Figure 1. The mango name dissected. The author's name (here Linn.) appears in abbreviated form after the epithet and is written upright, not in italics.
The universal rules of nomenclature
NCERT lists a small set of binding rules. These are the highest-yield lines in the chapter, because NEET repeatedly tests them as "which statement is contrary to the rules?"
Memory hook: Latin · italics · Genus capital · epithet small · author last and upright.
Language & script
Names are generally in Latin, Latinised even if drawn from another origin.
Written in italics; when handwritten, both words are separately underlined.
Word order & case
First word = genus, capital first letter.

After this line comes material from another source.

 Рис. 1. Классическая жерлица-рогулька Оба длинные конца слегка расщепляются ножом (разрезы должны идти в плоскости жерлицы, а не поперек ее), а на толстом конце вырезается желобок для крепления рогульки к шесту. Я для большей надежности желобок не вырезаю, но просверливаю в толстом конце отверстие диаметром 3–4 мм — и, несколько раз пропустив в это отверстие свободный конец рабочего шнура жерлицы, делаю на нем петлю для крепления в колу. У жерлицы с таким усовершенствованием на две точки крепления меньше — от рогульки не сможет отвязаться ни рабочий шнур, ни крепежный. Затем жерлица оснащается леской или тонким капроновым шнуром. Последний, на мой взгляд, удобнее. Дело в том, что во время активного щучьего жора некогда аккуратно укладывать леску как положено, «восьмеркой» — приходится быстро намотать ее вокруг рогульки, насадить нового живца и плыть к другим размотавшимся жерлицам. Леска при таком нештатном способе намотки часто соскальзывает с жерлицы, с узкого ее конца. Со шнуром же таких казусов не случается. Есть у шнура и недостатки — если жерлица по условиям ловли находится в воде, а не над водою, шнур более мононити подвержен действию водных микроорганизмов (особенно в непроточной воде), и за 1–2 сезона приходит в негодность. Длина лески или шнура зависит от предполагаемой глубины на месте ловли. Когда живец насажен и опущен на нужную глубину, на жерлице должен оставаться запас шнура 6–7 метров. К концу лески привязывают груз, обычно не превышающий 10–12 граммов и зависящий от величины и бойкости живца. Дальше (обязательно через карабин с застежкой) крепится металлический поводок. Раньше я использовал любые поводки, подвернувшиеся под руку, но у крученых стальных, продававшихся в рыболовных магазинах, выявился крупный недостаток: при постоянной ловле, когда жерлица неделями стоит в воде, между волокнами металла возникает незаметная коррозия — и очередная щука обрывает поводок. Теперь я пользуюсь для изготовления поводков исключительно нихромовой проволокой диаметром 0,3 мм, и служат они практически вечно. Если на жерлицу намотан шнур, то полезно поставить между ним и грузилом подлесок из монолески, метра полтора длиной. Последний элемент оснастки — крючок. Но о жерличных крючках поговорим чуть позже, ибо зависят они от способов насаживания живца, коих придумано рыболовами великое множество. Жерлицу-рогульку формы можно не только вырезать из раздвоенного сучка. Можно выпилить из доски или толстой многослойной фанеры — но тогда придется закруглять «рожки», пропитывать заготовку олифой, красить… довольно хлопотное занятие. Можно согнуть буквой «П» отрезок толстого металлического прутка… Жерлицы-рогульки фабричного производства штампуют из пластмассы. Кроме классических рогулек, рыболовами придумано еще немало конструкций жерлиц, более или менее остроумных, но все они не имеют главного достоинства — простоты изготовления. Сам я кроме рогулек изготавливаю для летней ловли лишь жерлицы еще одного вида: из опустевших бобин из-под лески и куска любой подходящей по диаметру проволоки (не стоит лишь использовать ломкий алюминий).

Second word = specific epithet, small first letter.
Author citation
Author's name comes at the end, after the epithet.
Written abbreviated: Mangifera indica Linn.

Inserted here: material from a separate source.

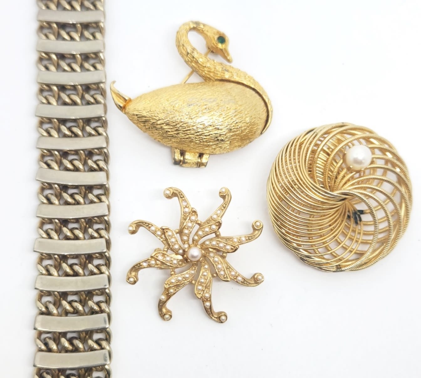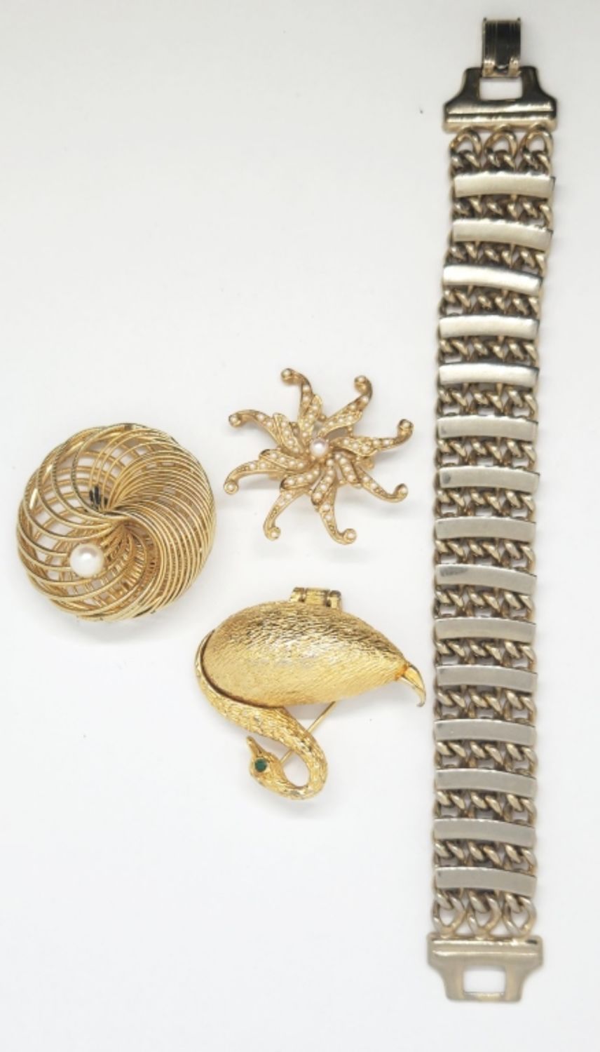 BRACELET & (3)BROOCHES WITH FAUX PEARLS & RHINESTONES

Reading more scientific names
The same logic scales to any organism. Within one genus, several epithets can name different species that share morphological similarities. NCERT gives Panthera leo (lion), Panthera tigris (tiger) and Panthera pardus (leopard) — all in genus Panthera. Similarly, potato and brinjal differ as species but share genus Solanum (Solanum tuberosum, Solanum nigrum, Solanum melongena). Humans are Homo sapiens: genus Homo, epithet sapiens.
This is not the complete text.